Contrary to popular opinion, writing a Will through an online service does not make the document any more likely to be challenged. In fact, just recently, a Will drawn up by a solicitor while in the presence of one daughter, was deemed invalid as the testator did not have mental capacity to write the Will. Turns out that the daughter (who happened to be a magistrate) put pressure on her mother to disinherit the other children. Oh, and she had to pay back the £18,000 in gifts she received in the last few months of her frail life. The real tragedy of this story though is that the estate was worth about £200k, and the whole lot disappeared in legal fees. The whole estate went to the lawyers.
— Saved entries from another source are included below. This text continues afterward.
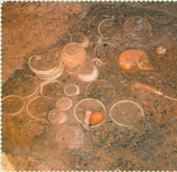
آثار یافت‌شده در شهر سوخته

پس از مدتی، زردشت که پیامبر ایران باستان است در میان ایرانیان ظهور کرد. او مردم را به پیروی از خدای یگانه که اهورامزدا نام داشت، دعوت کرد و مروج اندیشه، گفتار و کردار نیک بود. اعتقاد به سرای آخرت و جهان پس از مرگ، عقیده به آخرالزمان و ظهور یک منجی که حکومتی با عدل و داد و به‌دوراز ناپاکی و ستم برپا خواهد کرد، از بنیان‌های استوار و اعتقادی ایرانیان بوده است که آن‌ها را از سایر ملل دوران باستان متمایز می‌ساخت. ۲
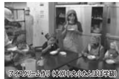
アイスクリーム作り（本別中央小たんぽぽ学級）
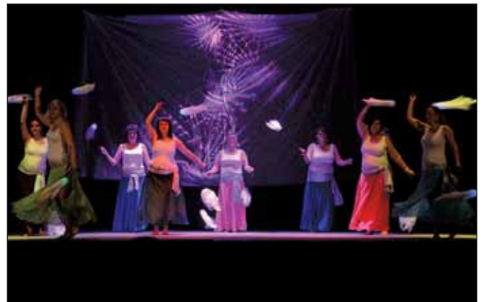
Medusa, choreografie Martiny Kohoutkové
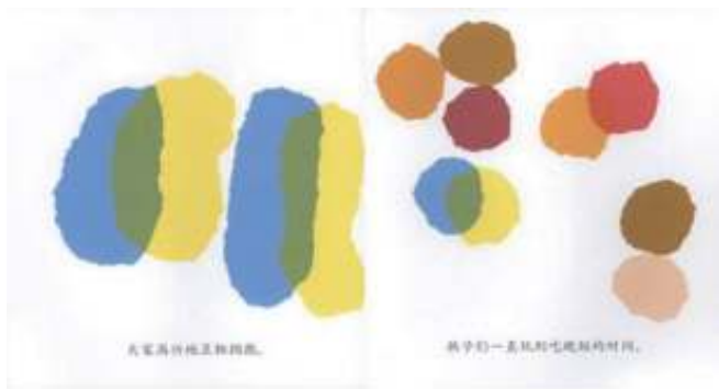
图二 《小蓝和小黄》绘本图片 2

师：项目最多的三名运动员是小红、小黄、小蓝，他们在三年级第一课《魔幻的色彩》中也出现过，同学们还记得吗？

There are some lessons to be taken from this troubling stories. Most importantly, write your Will when you are young enough and have the mental capacity to do it. People procrastinate with their Will writing, thinking that they will prepare it when they are older. We hear all the time people saying “fortunately, I don’t need a Will yet?”. Obviously you don’t, you don’t need a Will until you die, but it’s too late to write one then.

This is one of the reasons that online services like those offered by LegalWills.ca, USLegalWills.com and LegalWills.co.uk are becoming increasingly popular. They allow you to prepare your Will in your own time, on your own terms, but also allow you to update your Will throughout your life, as often as you wish. It makes sense to prepare a Will today, and then just update it as circumstances change.